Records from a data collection
——————————

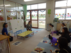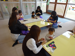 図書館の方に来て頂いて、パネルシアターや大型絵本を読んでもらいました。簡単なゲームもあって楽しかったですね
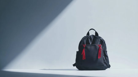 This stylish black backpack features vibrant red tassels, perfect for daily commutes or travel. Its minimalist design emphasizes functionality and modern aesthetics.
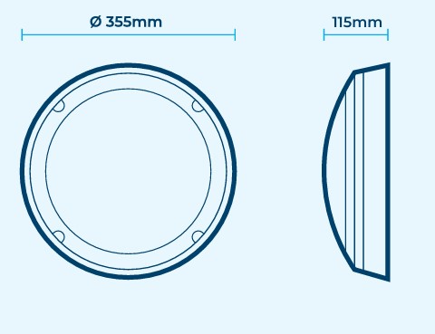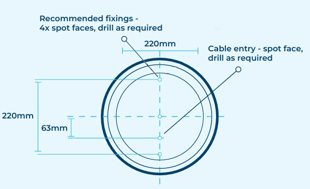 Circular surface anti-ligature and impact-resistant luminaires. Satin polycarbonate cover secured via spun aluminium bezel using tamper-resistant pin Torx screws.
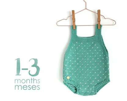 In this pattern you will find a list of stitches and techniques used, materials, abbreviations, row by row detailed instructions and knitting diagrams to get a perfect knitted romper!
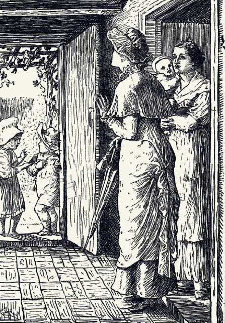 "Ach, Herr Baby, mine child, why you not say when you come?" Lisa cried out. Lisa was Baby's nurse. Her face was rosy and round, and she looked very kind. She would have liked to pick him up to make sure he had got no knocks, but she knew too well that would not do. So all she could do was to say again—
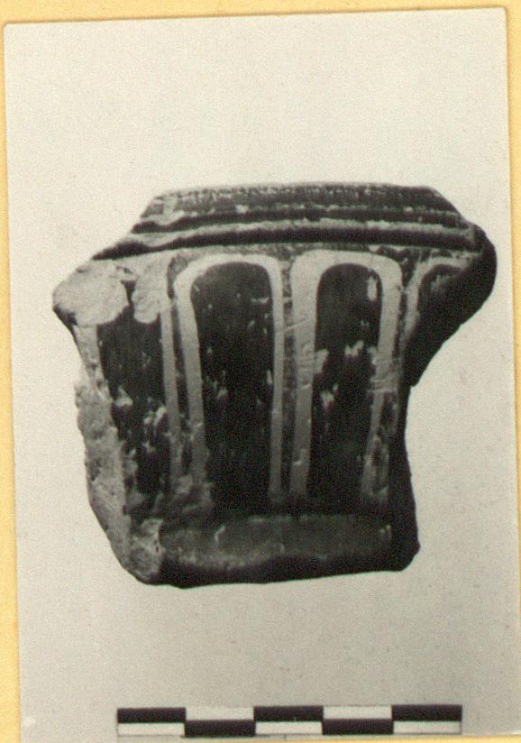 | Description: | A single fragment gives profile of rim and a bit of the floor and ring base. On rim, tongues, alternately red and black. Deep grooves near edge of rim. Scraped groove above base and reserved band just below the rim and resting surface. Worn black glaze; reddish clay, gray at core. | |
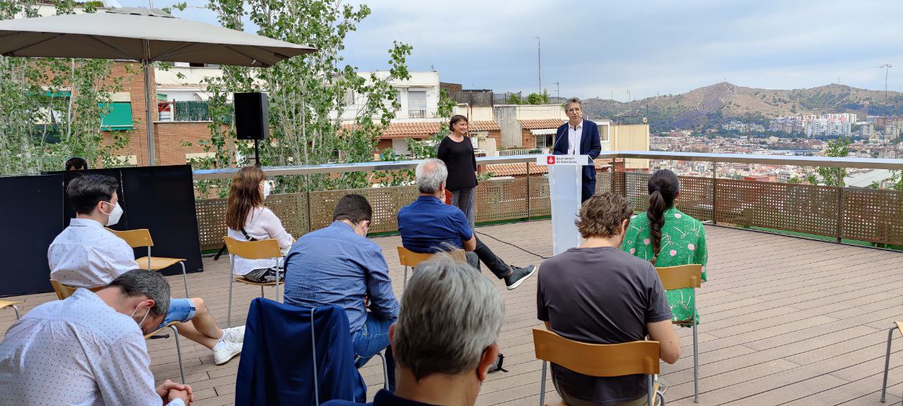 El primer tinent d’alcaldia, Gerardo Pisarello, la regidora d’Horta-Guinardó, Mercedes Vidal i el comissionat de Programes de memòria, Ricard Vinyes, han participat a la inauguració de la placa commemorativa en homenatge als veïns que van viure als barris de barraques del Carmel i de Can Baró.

——————————

→ TASK DIRECTIONS: Give back the exact lines above, running from the one that has "to say again—" through the one that has "at core. | |", with nothing added and no pictures.

→ REPLY:
 "Ach, Herr Baby, mine child, why you not say when you come?" Lisa cried out. Lisa was Baby's nurse. Her face was rosy and round, and she looked very kind. She would have liked to pick him up to make sure he had got no knocks, but she knew too well that would not do. So all she could do was to say again—
 | Description: | A single fragment gives profile of rim and a bit of the floor and ring base. On rim, tongues, alternately red and black. Deep grooves near edge of rim. Scraped groove above base and reserved band just below the rim and resting surface. Worn black glaze; reddish clay, gray at core. | |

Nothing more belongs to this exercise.